Como parte da missão de fomentar o jornalismo independente, a Pública organiza programas de mentoria para jornalistas, microbolsas de reportagens, foi incubadora para outros veículos e apoiou a criação de festivais e de associações de jornalismo.
Desde 2012, mais de 140 jornalistas já participaram dos programas de formação da Pública, sendo o principal deles o Programa de Microbolsas, que oferece bolsas de reportagem e mentoria editorial para que jornalistas independentes possam desenvolver suas investigações e publicá-las em nosso site. Nesse contexto, vale destacar também o Programa de Formação para Repórteres Indígenas, que já teve três edições desde 2022 e apoiou 16 comunicadores indígenas até hoje. Em 2025, lançamos a Rede de Fellows da Pública, que conta atualmente com mais de cem jornalistas que passaram pelos nossos programas de formação. A Rede é um espaço para divulgação de oportunidades e para a colaboração e networking entre os participantes.
Objetivos do Curso Pública de Jornalismo
O Curso Pública de Jornalismo, um programa de treinamento intensivo, prático e imersivo, é mais uma iniciativa da Pública de fomento ao jornalismo independente, em parceria com a Fundação Itaú e Imaginable Futures.
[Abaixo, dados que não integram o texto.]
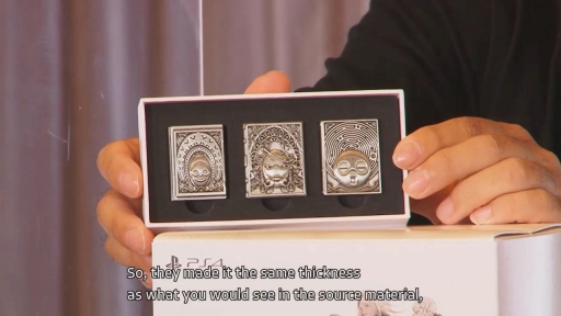 ピンバッジは,ゲームに登場する「白の書」「黒の書」「深紅の書」をそれぞれ再現したもので,当初は薄めの取り付けやすいものだったのが,原作再現のこだわりによって厚みが9mmとなり,ヨコオ氏の表現を借りると“重たくてセーターなどに付けてももげる”重量になったとのこと。服につけるのは難しいかもしれないが,存在感があって自立も可能なため,部屋に飾るのにオススメ(?)できそう。
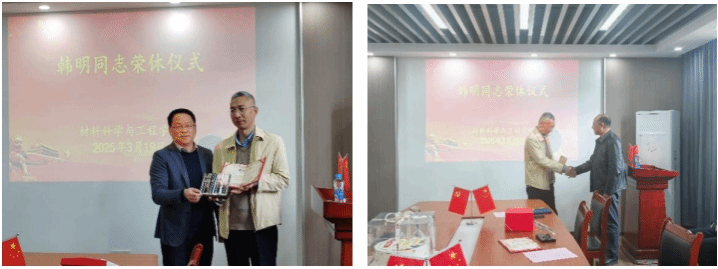 仪式伊始,公司领导及材控系主任分别致辞。经理沈明学教授深情回顾了韩明老师对公司的卓越贡献,称赞他“以严谨治学的态度、春风化雨的教学风范,培养了一代代优秀学子,为学科发展和公司建设做出了不可替代的贡献”。党委书记赵龙志教授动情表示:“韩老师不仅是员工的引路人,更是青年教师的榜样。他的敬业精神与人格魅力,深深镌刻在公司发展的里程碑上。”材控系主任焦海涛老师则细数韩老师扎根教学科研一线的点滴,感怀他“用热爱与坚守诠释了师者的初心”。

O programa tem como objetivo formar jornalistas comprometidos com o interesse público e com a defesa dos direitos humanos, bem como contribuir para ampliar a diversidade no jornalismo brasileiro. É voltado para jornalistas formados há até três anos (com data de formação de dezembro de 2022 em diante), que se autodeclaram negros, indígenas ou trans.
As dez pessoas selecionadas vão participar de um treinamento online (156h de aulas no total) e de um período de prática presencial de três meses nas redações da Pública em São Paulo ou em Brasília. Também vão elaborar e entregar um projeto pessoal aprofundado, bem como participar de mentorias profissionais e atividades de desenvolvimento de carreira.
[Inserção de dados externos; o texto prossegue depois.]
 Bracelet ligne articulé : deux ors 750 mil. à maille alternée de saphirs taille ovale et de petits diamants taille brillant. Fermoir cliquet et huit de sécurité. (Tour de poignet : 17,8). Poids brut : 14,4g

Trainees vão receber uma bolsa-auxílio durante quatro meses, no valor de R$ 2 mil mensais. Não residentes em São Paulo ou Brasília receberão um adicional de R$ 2 mil mensais durante o período do treinamento presencial, como ajuda de custo para cobrir gastos com hospedagem. Para esses participantes, o programa também vai cobrir gastos com passagens para deslocamento até São Paulo ou Brasília.
Inscrições
As pessoas selecionadas são elegíveis a dez vagas, que lhes darão acesso às aulas online, ao período de práticas presenciais, às mentorias profissionais e de desenvolvimento de carreira, além de garantir os recursos destinados a apoiar a permanência no programa.
As inscrições devem ser feitas até 23h59 do dia 15 de Maio de 2026, por meio do formulário de inscrições.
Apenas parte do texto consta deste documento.